General health issues:
Headaches are gone
Numbness in the extremities
Blurry vision is getting worse.
Weakness is progressing. (The stairs take everything out me, for example)
I spend most of my day in the hospital bed. I can’t stand without help and close supervision.
Breathing and coughing are about the same. The coughing is actually a little improved but it still brings up all sorts of ugly things from my throat.

Thank you all for the many e-mails of support. They do help. I just wish my voice would return because there are so many people out there I want to talk to. I would like to have a Steven Hawking Style Voice synthesizer on the computer. That would be fun and creepy at the same time.

Bye for now.

Sunday, February 27, 2005

Sunday, 2/27 -- One of those $5 milkshakes would be good. I wouldn'd taste it, though.

It has been a very good couple of days, believe it or not. Our families have all come into town to see me and each other. John from Ohio, Scott and Denise from Utah, Janice from Dunmore PA and Wally and Pat from Warren Center, upstate PA.

Dare I call it a party atmosphere? Not quite, but it is great seeing everyone.

Health Update
Really nothing has changed dramatically. No new pains or symptoms. Morphine at night has been helping me sleep. Lyn’s been feeding me through my feed hole. I even take a cup of coffee through it.

I can’t taste any thing that comes through the tube, it all goes directly into my stomach. Cold water feels wonderful. It feels like when you take in a large glass of water on a warm summer day.

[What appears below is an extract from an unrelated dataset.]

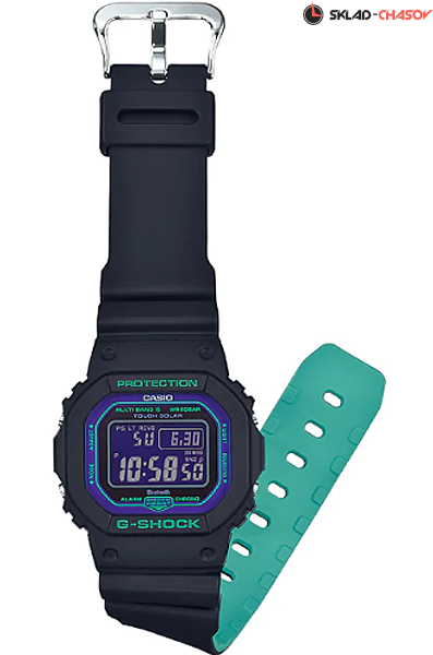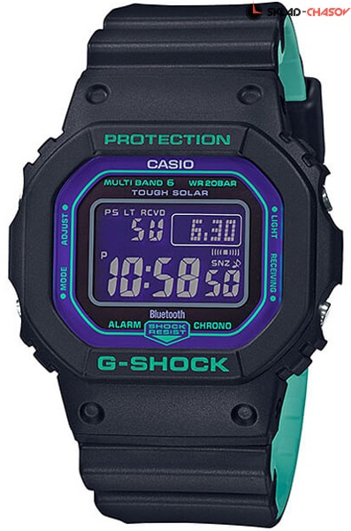Противоударные кварцевые мужские наручные часы Casio GW-B5600BL-1 коллекции G-Shock с технологией Bluetooth® и радиоконтролем точного времени. Калибр механизма — 3461. Аккумулятор данной модели заряжается от любого источника света. Срок работы аккумулятора с полным зарядом — около 6-ти месяцев. Примерный срок службы аккумулятора — 10 лет. С помощью Bluetooth® вы можете подключить часы к смартфону и с помощью приложения G-SHOCK Connected получить доступ к полезным функциям. Часы автоматически связываются с телефоном через Bluetooth® и проверяют точность времени 4 раза в сутки. Возможность создать до 5-ти напоминаний (запланированная встреча, годовщина или другое событие). Настройка мирового времени (300 городов). Функция поиска телефона, можно включить тоновый сигнал на телефоне, что позволит быстро найти телефон. Запись текущего местоположения (TIME & PLACE). Настройка и управление таймеров, секундомером и будильником. Можно проверить уровень заряда аккумулятора. Функциональность данной модели: радиоконтроль точного времени (Wave Ceptor), формат времени 12/24, вечный календарь до 2099 года, возможность установки индикации дня недели на Русский язык, функция летнего времени (DST), функция мирового времени времени (39 городов), 5 независимых будильников, сигнал начала часа, секундомер с измерением до 23 часов 59 минут 59 cек., таймер обратного отсчета (диапазон времени 24 часа), диодная подсветка циферблата с функцией авто (включается при наклоне часов на 40°) и регулировкой времени подсветки 2 или 4 секунды, режим выключения звука нажатия кнопок (Mute), режим сохранения энергии. Водонепроницаемость WR200 (20 атм).

The doctor that installed the tube joked the we could do shots through the tube. I don’t know how much she was joking. I certainly wouldn’t put anything good down there like a single malt scotch. It’s all about the taste.

And no, putting food in my mouth for flavor and spitting it out won’t work either. It would generate too much saliva and cause a coughing fit.

So what do I eat via tube? Ground up pills, liquid meds, water, coffee, ensure. That’s about it. A much duller culinary experience than I’m used too. You’d think that it would be torture for me not to eat anymore, especially the way I’ve written about food here and our recipe blog. But no. I’m taking it all in stride.

I cried like a little sissy baby girl piglet BEFORE the operation, but not since.

It’s not that bad, all things considered. I could have had to have one of those feeding tubes you see going up people’s noses and down their throats. That would have been awful.

In other around the house news: Charcoal the cat has taken to sleeping on my feet on the hospital bed. She’s such a good cat. She shoots me dirty looks when I make adjustments to the feet or head level, but she doesn’t run away. She’s enjoying the ride.